The err returned above should be handled accordingly with the behaviour defined in the official docs:

  • HTTP 200 (OK) - Means that the locking object was not existing. Therefore, the lock can be considered as acquired.
    • For buckets with versioning enabled, if there's no current object version with the same name, or if the current object version is a delete marker, the write operation succeeds.
  • HTTP 412 (Precondition Failed) - Means that the locking object is already there. Therefore, the whole process should exit because the lock couldn't be acquired.
  • HTTP 409 (Conflict) - Means that the there was a conflict of concurrent requests. AWS recommends to retry the request in such cases, but we could just handle this similarly to the 412 case.

Digest updates

[!NOTE] Right now, when locking is enabled on DynamoDB, at the moment of updating the state object content, OpenTofu also writes an entry in DynamoDB with the MD5 sum of the state object. The reason is to be able to check the integrity of the state object from the S3 bucket in a future run. This is done by reading the digest from DynamoDB and comparing it with the ETag attribute of the state object from S3.

By moving to the S3 based locking, OpenTofu will store no other file for the digest of the state object. This was a mechanism to validate the state object integrity when the lock was stored in DynamoDB. More info about this topic can be found on the official documentation.
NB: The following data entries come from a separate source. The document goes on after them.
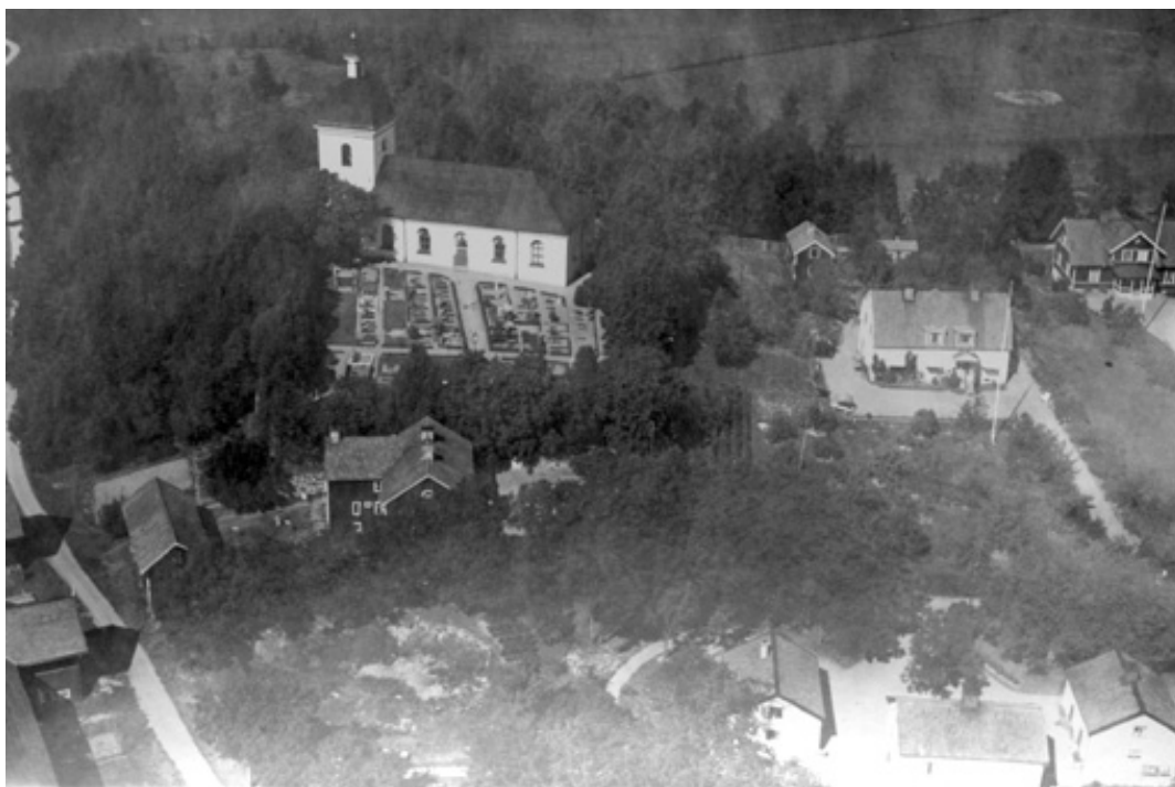
Styrstads kyrka 1935.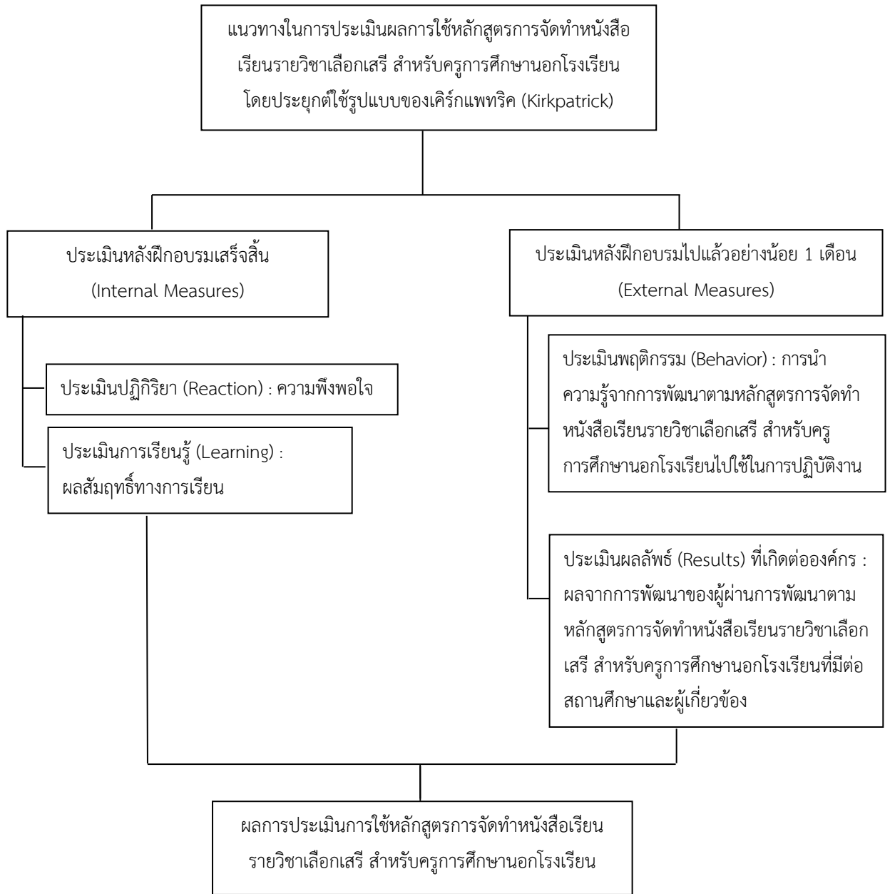
แผนภาพที่ 2 กรอบแนวคิดที่ใช้ในการประเมินผลการใช้หลักสูตร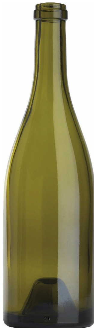
HOJA MUERTA L1012195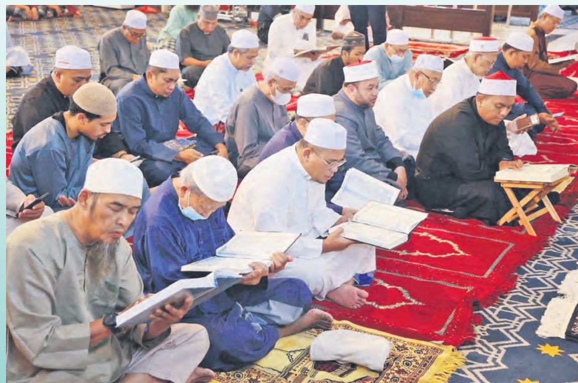
Dato' Menteri Besar Dato' Seri Amirudin Shari bersama jemaah Masjid Sultan Salahuddin Abdul Aziz Shah, Shah Alam ketika program Qiamulail Perdana pada 12 April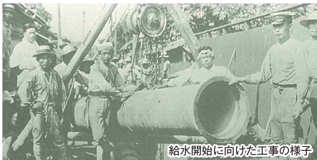
給水開始に向けた工事の様子

津市は井戸水を利用していただけ、その大部分が不衛生なものだったから伝染病が年々広がり続け、安全な飲料水の確保が重要な課題だったんだ。そこで大正14(1925)年に水道事業を創設し、当時の津市の年間予算約5年分に当たる458万円を投じて約90年前の昭和4年8月に給水を開始したんだよ。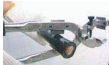
поперечная резка изоляции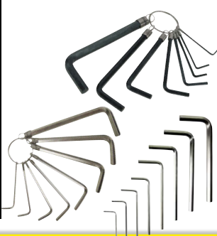
Art.Nr. 86807 Innensechskant-Schlüssel-Satz, 1,5 - 8 mm, 8-teilig erba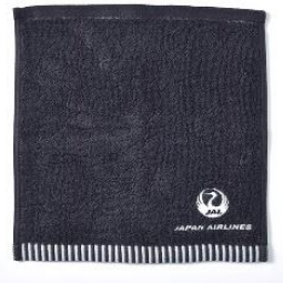
JAL オリジナル商品イメージ

JAL は、約 3,000 万人の顧客基盤を活用した非航空事業領域の拡大に向け、「マイルとともに、毎日の暮らしと人生をもっと豊かに」をテーマに日常生活やライフステージにおける多様なサービスを提供する「JAL マイルライフ構想」を推進しています。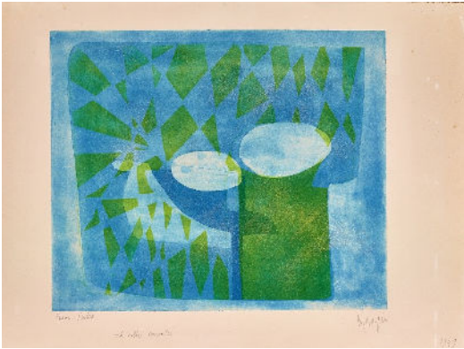
Jean MESSAGIER La vallée enroulée , vers 1949 Aquatinte sur zinc Collection particulière © C.-H. Bernardot Paris, ADAGP, 2021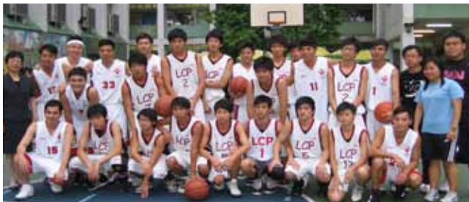
藝進同學會到校分享禁毒的訊息並與靚次伯紀念中學籃球隊進行友誼賽

宣揚禁毒的對象，除了在校內輔導學生外，我們亦為教師及家長開辦講座，教導家長識別吸食毒品後的徵狀，以了解子女是否有濫用毒品的習慣。更重要的是能夠建立良好的親子關係，加強家庭成員間的凝聚力，共同抵抗不良誘惑。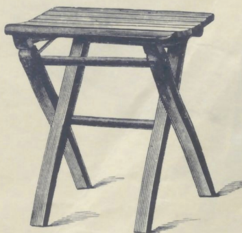
Nr. 14301. GARTENSTOCKERL

roh . . . . . K 2.25 mit Ölanstrich in beliebiger Farbe . . . . . „ 3.—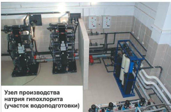
Узел производства натрия гипохлорита (участок водоподготовки)

- Альметьевск полностью отказался от использования хлора при очистке воды, перейдя на гипохлорит натрия. Что это дает потребителям воды?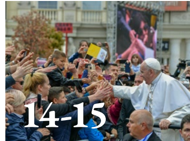
'Wees gegroet, Maria' F. Fabry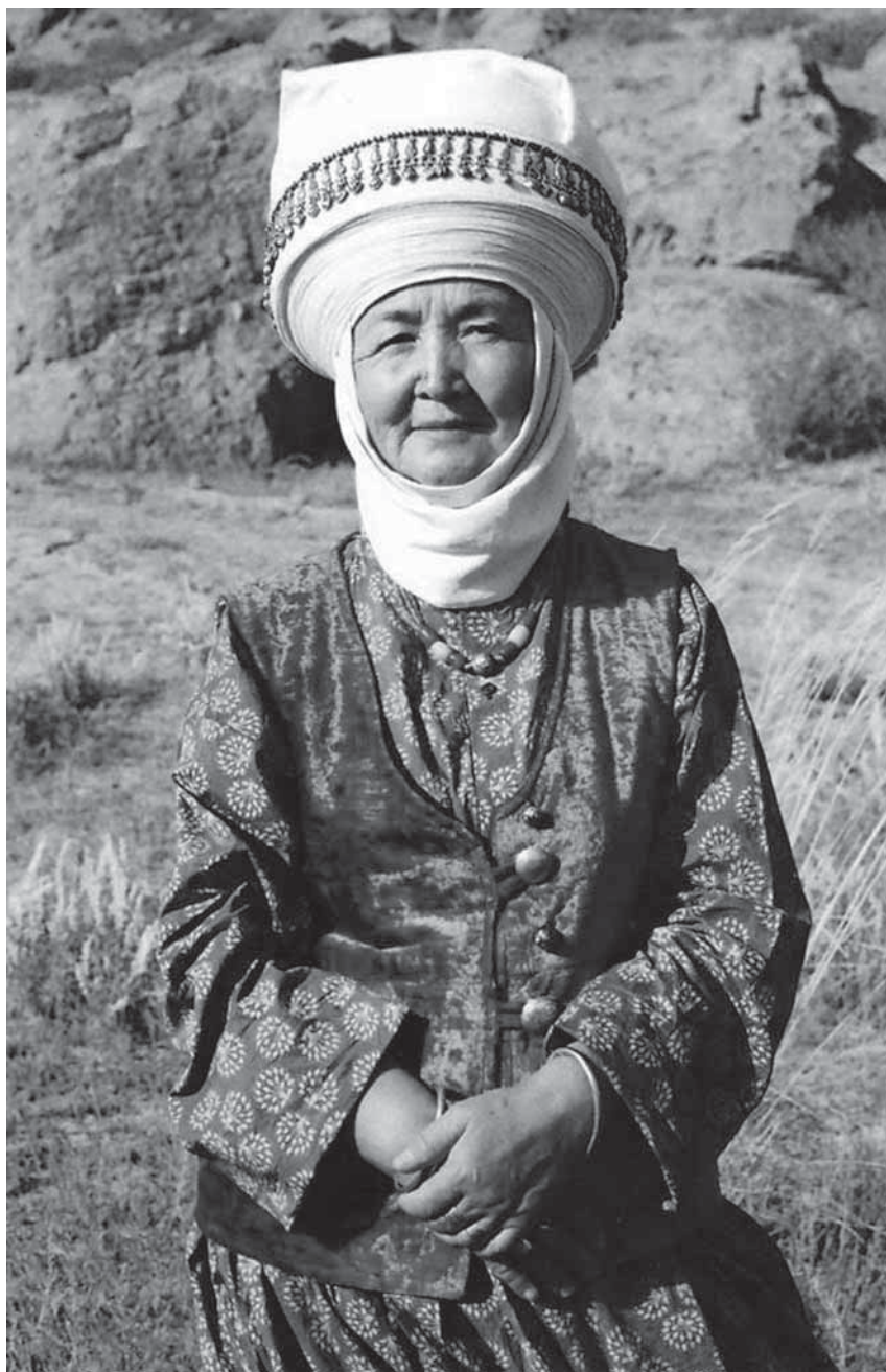
Рис. 16. Женщина в традиционном костюме элечек , характерном для северного варианта киргизской культуры. Фотоотпечаток. Киргизы. Иссык-Кульская область. И. В. Стасевич. 2016 г.

айылы». Участники в течение всего сезона носили традиционные костюмы, постигали знания традиционного киргизского быта, обучались ремеслам, правилам ухода за скотом и приготовления традиционной пищи.

But if both locks are enabled (use_lockfile=true and dynamodb_table=<actual_table_name>), the state digest will still be stored in DynamoDB.

[!WARNING]

By enabling the S3 locking and disabling the DynamoDB one, the digest from DynamoDB will become stale. This means that if it is desired to go back to the DynamoDB locking, the digest needs to be cleaned up or updated in order to allow the content integrity check to work.

Open Questions

  • Do we want to provide the option to have the lock objects into another bucket? This will break the feature parity.

Future Considerations

Later, DynamoDB based locking might be considered for deprecation once (at least) the following are true:

  • Conditional writes are implemented in the majority of the S3 compatible services.
  • The adoption rate for the new S3 based locking will be high enough to not affect the existing users.

Potential Alternatives

Since this new feature relies on the S3 conditional writes, there is hardly other reliable alternative to implement this.